Although the UP professor admitted that these gains take time to trickle down, she said “immediate” effects should already be felt. For one, taxpayers should now see better public roads, which can be perceived as signs of an improving economy.

“Even in a small scale, kailangan ma-feel ng greater many na merong pagbabago,” she said. “Just pay close attention on how to reduce inequality.

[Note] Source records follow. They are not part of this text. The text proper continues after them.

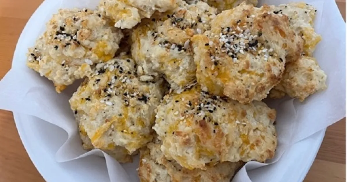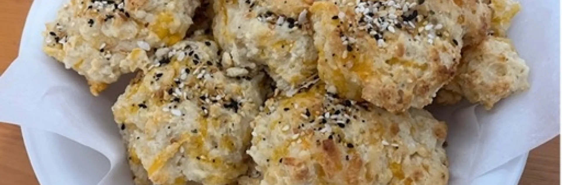In a large bowl, combine the baking mix, cheese, garlic powder and salad dressing mix. Stir in buttermilk just until moistened. Drop by tablespoonfuls onto greased baking sheets or parchment lined sheets. Bake at 375? until golden brown, 6-8 minutes. Meanwhile, combine topping ingredients. Brush over biscuits when removed from oven. Sprinkle with Everything but the Bagel. Serve warm.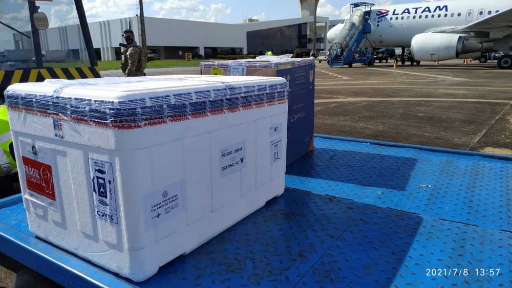 As vacinas chegaram ao estado acreano em um voo comercial que pousou no aeroporto de Rio Branco. O último lote de imunizantes recebido pela Saúde do Acre foi no domingo (4), um total de 9.750 doses da AstraZeneca.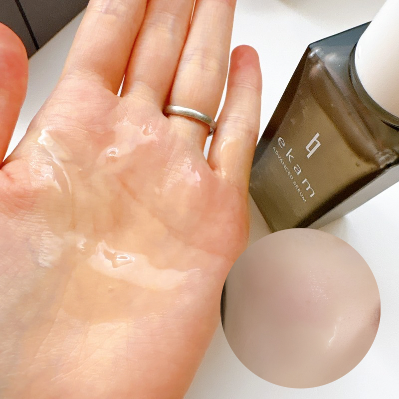 手に出してみると、透明で少しとろみのある贅沢なテクスチャーです。肌にのせると驚くほどなめらかに伸び広がり、吸い付くようにスッとなじみます。ベタつきがほとんどないので、朝のメイク前でもヨレを気にせず使えるのが嬉しいです。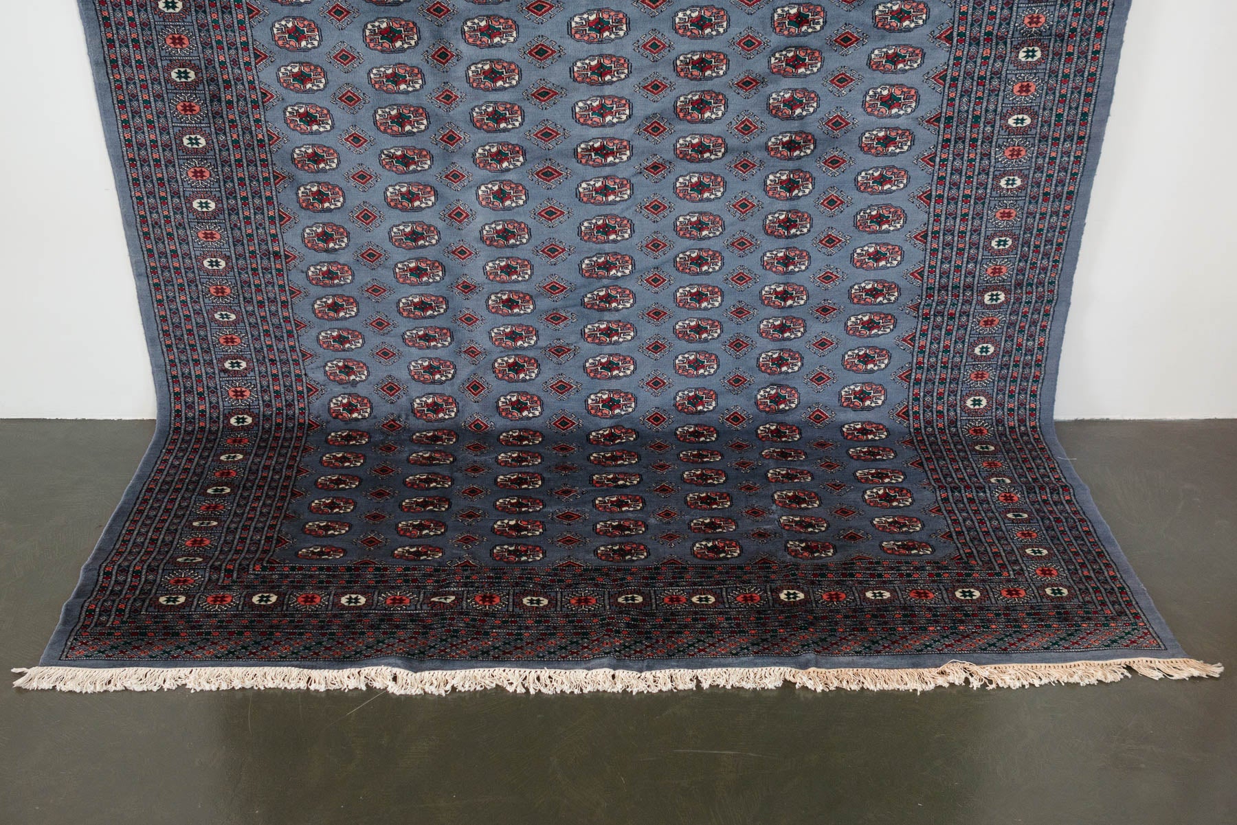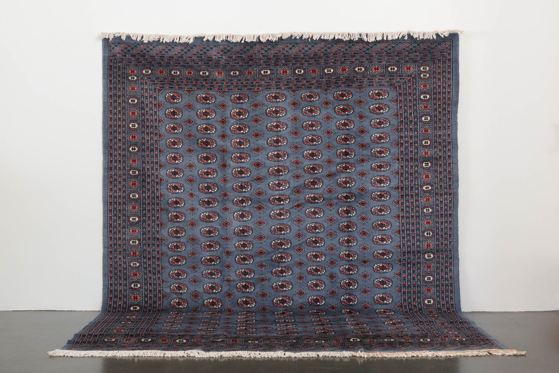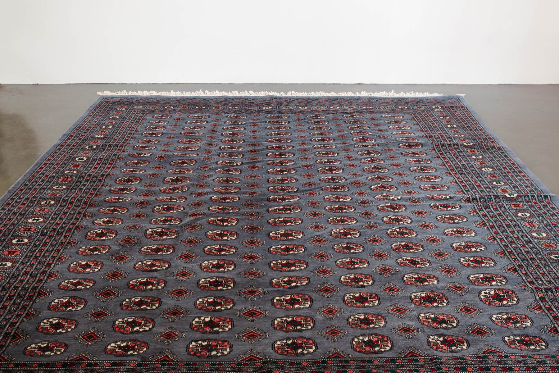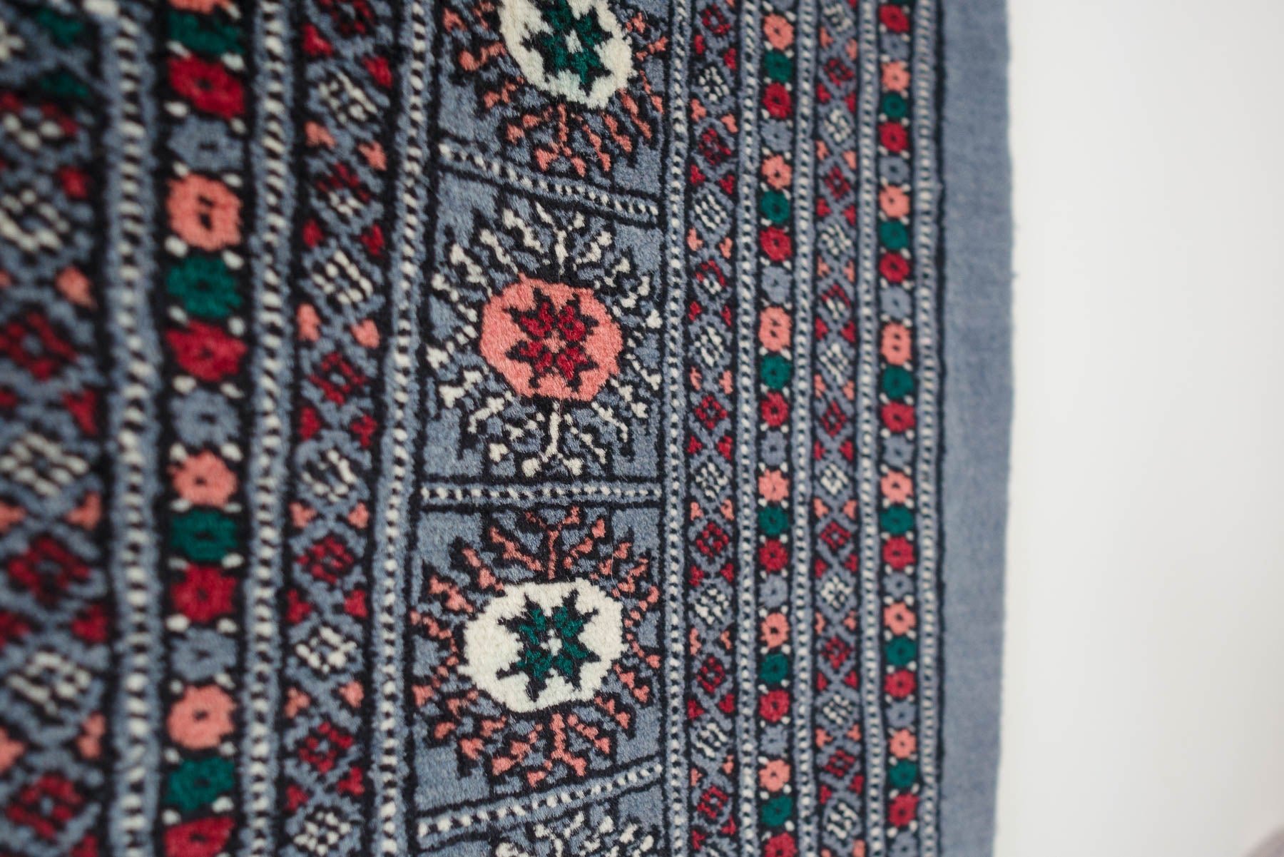 name: DABHITstyle: hand knotted, Pakistani, rug, carpetmaterial: woolcolors: gray, white, black, coral, red, greenage: vintagecondition: good, age related wear - see pictures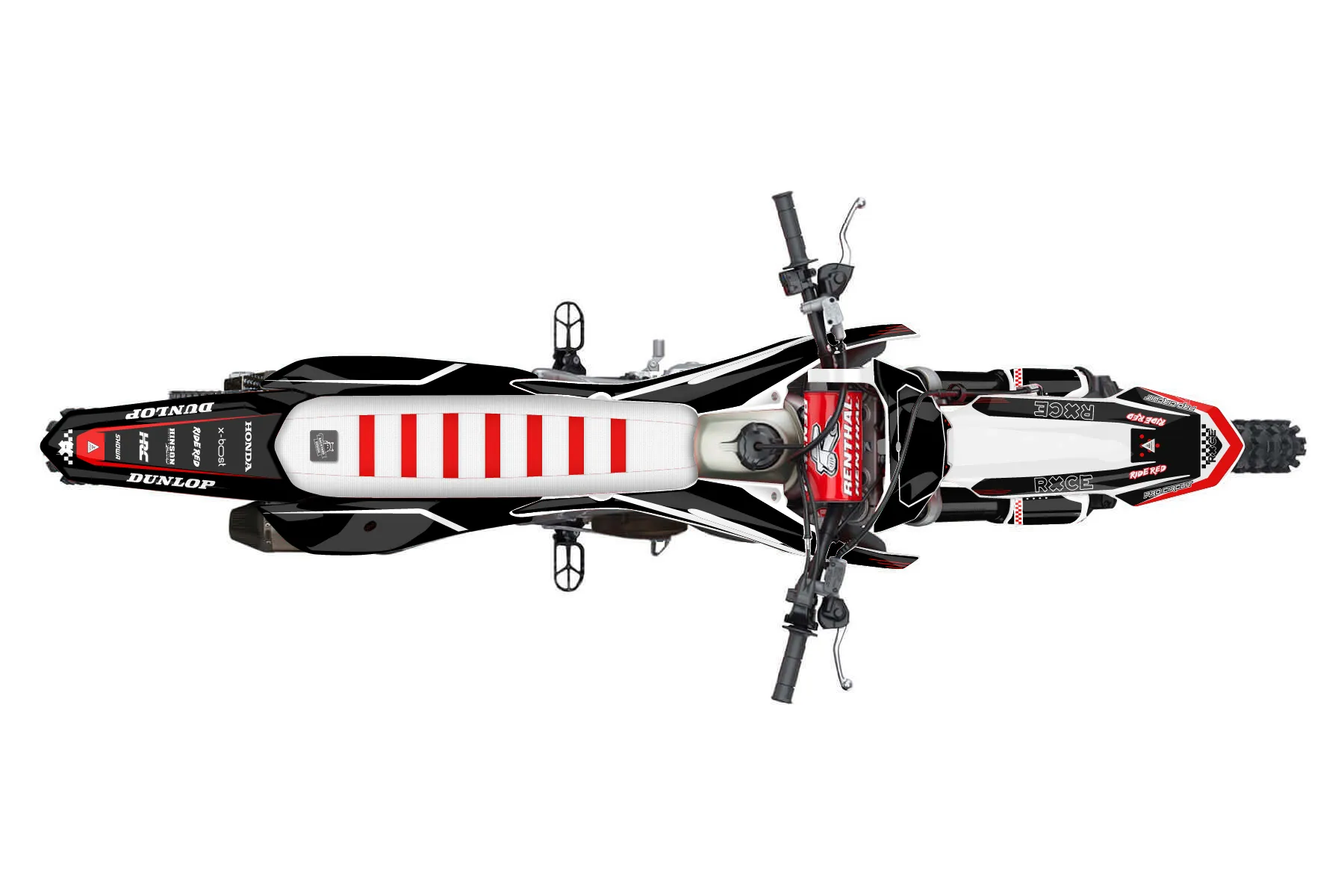 «race bikie» — готовый комплект графики серии Staple для Honda MX Graphic Kit Honda CRF250R 2022. В комплекте: графика на бак и боковые облицовки, крылья (переднее и заднее), передний щиток, номерные таблички, защита вилки. Материал: ПВХ-винил 80 мкр с холодной ламинацией 300 мкр, общая толщина 380 мкр; покрытие глянцевое или матовое на выбор. Устойчив к UV-излучению, воде, бензину и мойке высокого давления. Клей акриловый на сольвентной основе — постоянный, для гибких пластиков. На простых поверхностях монтируется без нагрева; для сложных изгибов рекомендуем фен. Этот пресет можно заказать как есть или взять за основу в конструкторе: поменять цвета, добавить стартовый номер и свой бренд. Производство — 3–5 рабочих дней, доставка по России СДЭКом или Почтой, по СНГ — курьерскими службами.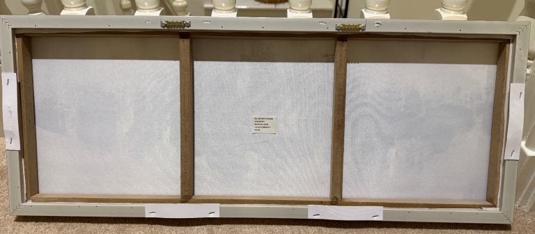 Next Grey / white / silver / Gold coloured canvas with sliver / bronze effect frame. 83cm long x 32cm wide x 4cm deep. Very good condition. Can be hung horizontalally and vertically.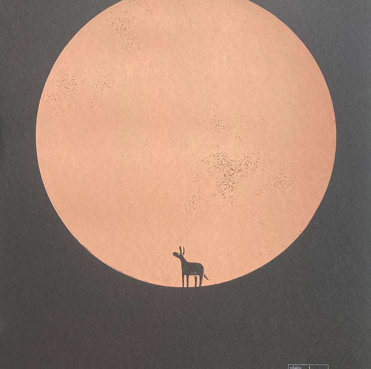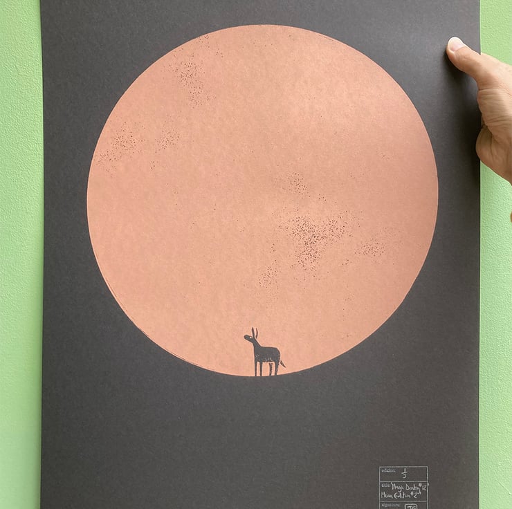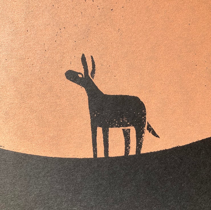 This is the twelfth print in the 'magic donkey' series, a continuation of my donkey dreamworld theme. I've always had a fascination with circles, using them in my prints regularly, and on this occasion it is the ultimate minimalist tribute! The donkey stands before a mighty circle. Is it a moon, a solid dot, a passage to another place? They will find out soon enough..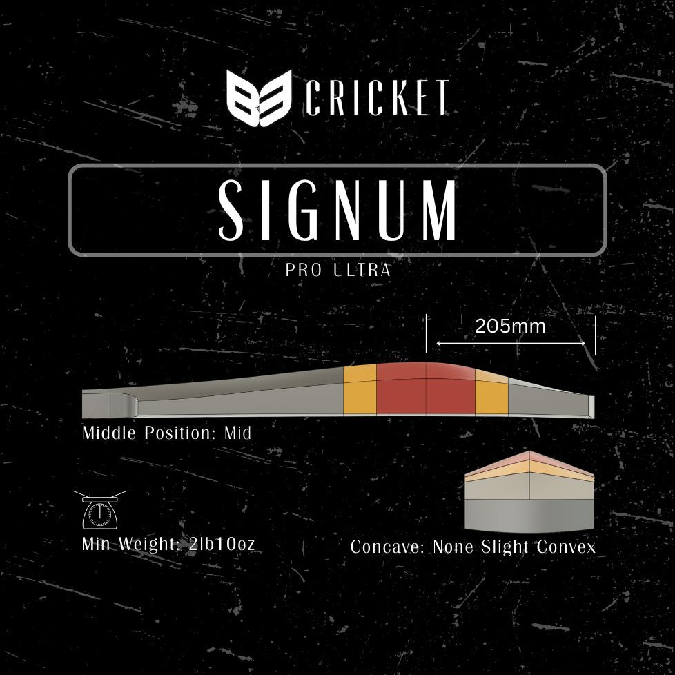 Inspired by request from several top pro players for a meaty, full profile bat. The Signum ticks all the boxes and is huge throughout with no concaving. Special emphasis has also gone into a strong shoulder and toe to help withstand the forces of the modern game.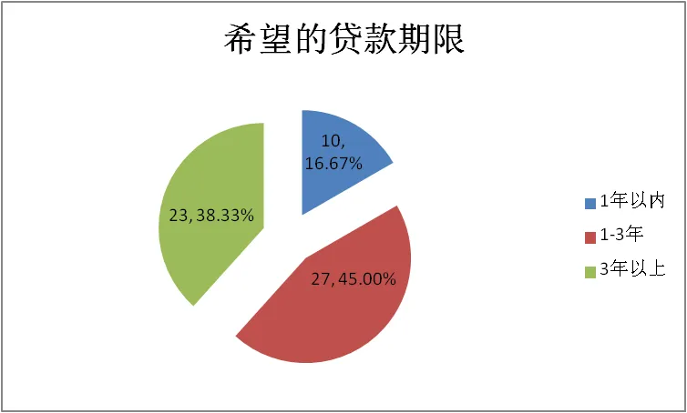 在“希望的贷款期限”中,27家企业选择“1-3年”,占45%;23家企业选择“3年以上”,占38.33%;10家企业选择“1年以内”,占16.67%。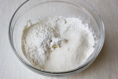 Затем добавьте муку с разрыхлителем и сахар (по вкусу можно добавить ванильный сахар).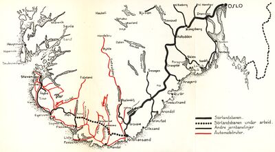 - Sørlandsbanen på Wikipedia på bokmål og riksmål.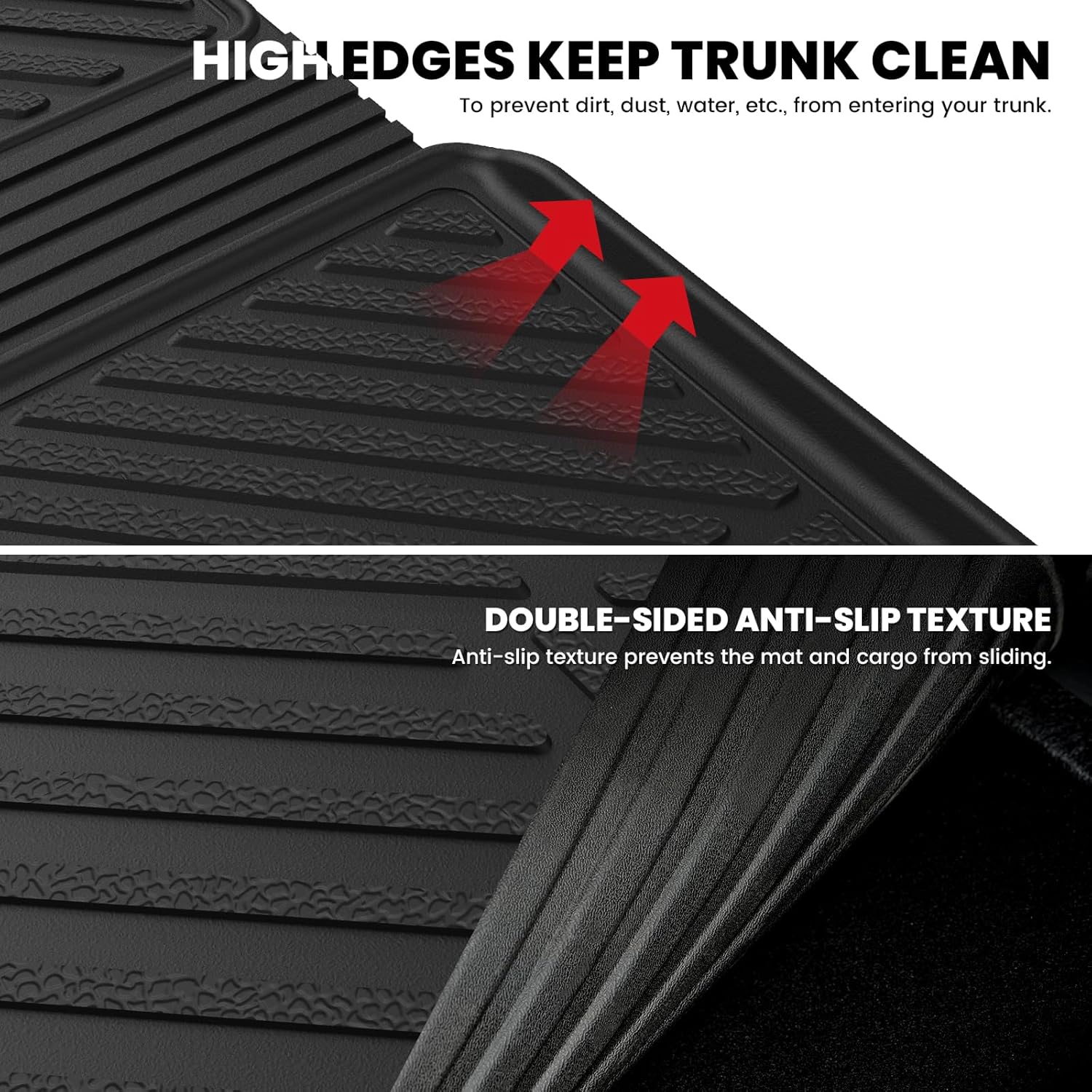 - Easy Installation & Cleaning: Installation and cleaning are quick and easy—simply remove the cargo tray from the packaging, unroll it, and place it securely in the cargo. For cleaning, use a broom or vacuum to remove larger debris, rinse the mat with a hose, allow it to air dry, and then reinstall. The entire process is convenience and time efficiency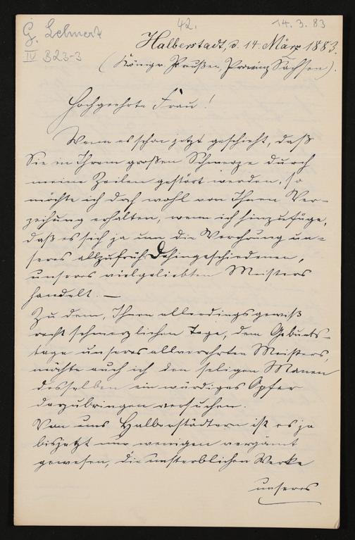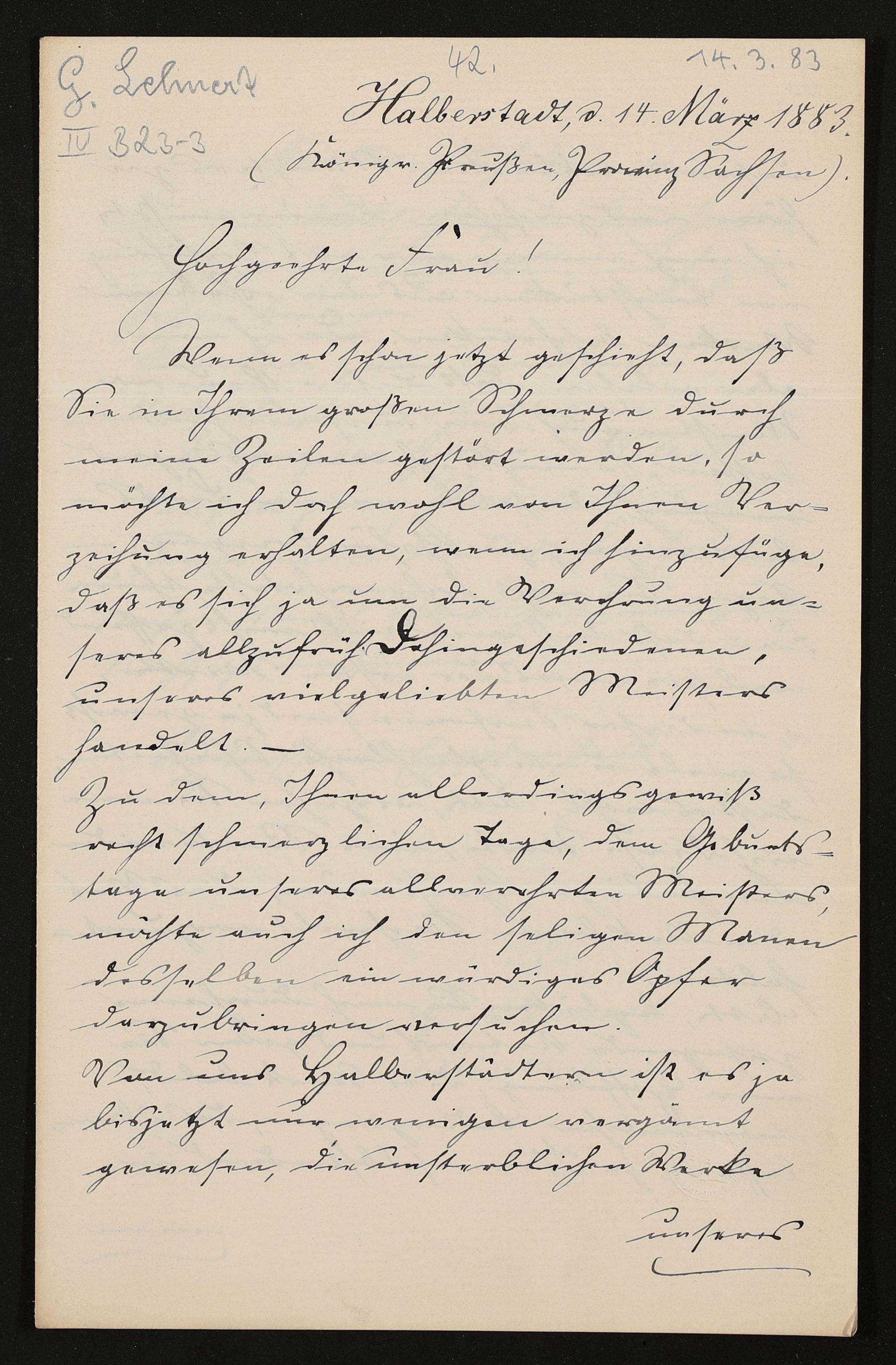 eigenhändiger Brief von G. Lehnert an Cosima Wagner

Give everybody a chance to be rich, to raise the quality of his life.”

Carlos also reacted to Aquino’s apparent excuse that the problems under his leadership, including corruption and economic inequality, were just handed down by the previous administration.

“Hindi naman rason ‘yun [na minana mo ‘yung problema]... Dapat sabihin mo minana ninyo pero sundan mo ito ng ‘ang ginagawa natin ay…’” she said.

“Gusto nating malaman yung quantitative and qualitative effect ng ginagawa ninyong reporma,” she also said.

Earlier this year, the National Statistical Coordination Board (NSCB) revealed that poverty incidence in the country practically remained the same with almost three out of 10 FIlipinos living below the poverty line in the first half of 2012.

NSCB Secretary General Jose Ramon Albert reported that poverty incidence was estimated at 27.9 percent during the first semester of 2012.

"Comparing this with the 2006 and 2009 first semester figures estimated at 28.8 percent and 28.6 percent, respectively, poverty remained unchanged as the computed differences are not statistically significant," the NSCB said.

The NSCB said 22 out of 100 families were estimated to be poor in the first six months of 2012 while 13 in 100 Filipinos lived in extreme poverty in the same period.

The agency said both of these figures remained unchanged from similar periods in 2006 and 2009.

Aquino had been assuring that his administration is working to spur inclusive growth and that nobody will be left behind.

Next 3 years: Reforms needed with public’s help

To ensure government accountability and effectiveness, Carlos said one of the biggest challenges for Aquino in his remaining years in office is to reform the bureaucracy – one way is to change the leadership in inefficient offices.

Carlos said the President, who has been scoring high approval ratings, must take advantage of his political capital to remove ineffective officials and demonstrate the power of the rule of law.

“Because of the strength of friendships and utang na loob, Aquino, despite the fact that he uses the iron hand once in a while, is less likely to change leaderships in organizations that really are not working well,” she said.

“Bureaucratic reform and boldness and courage to dismiss people who are not performing – ‘yan ang hinihingi natin sa kanya,” Carlos said. “Let the axe fall where it should fall.”

She said Aquino should diagnose government offices to determine those non-performing and to see which need to be abolished or merged.

But while the President tries to reform the government, Carlos said the public should also do its part.

“I think there is a genuine effort to reform and to address mainly the economic concerns but it means tremendous cooperation from everyone to make it happen. Having a president who is not corrupt is not enough. We need more from the local executives' cooperation. We need more from the non-government organizations,” she concluded.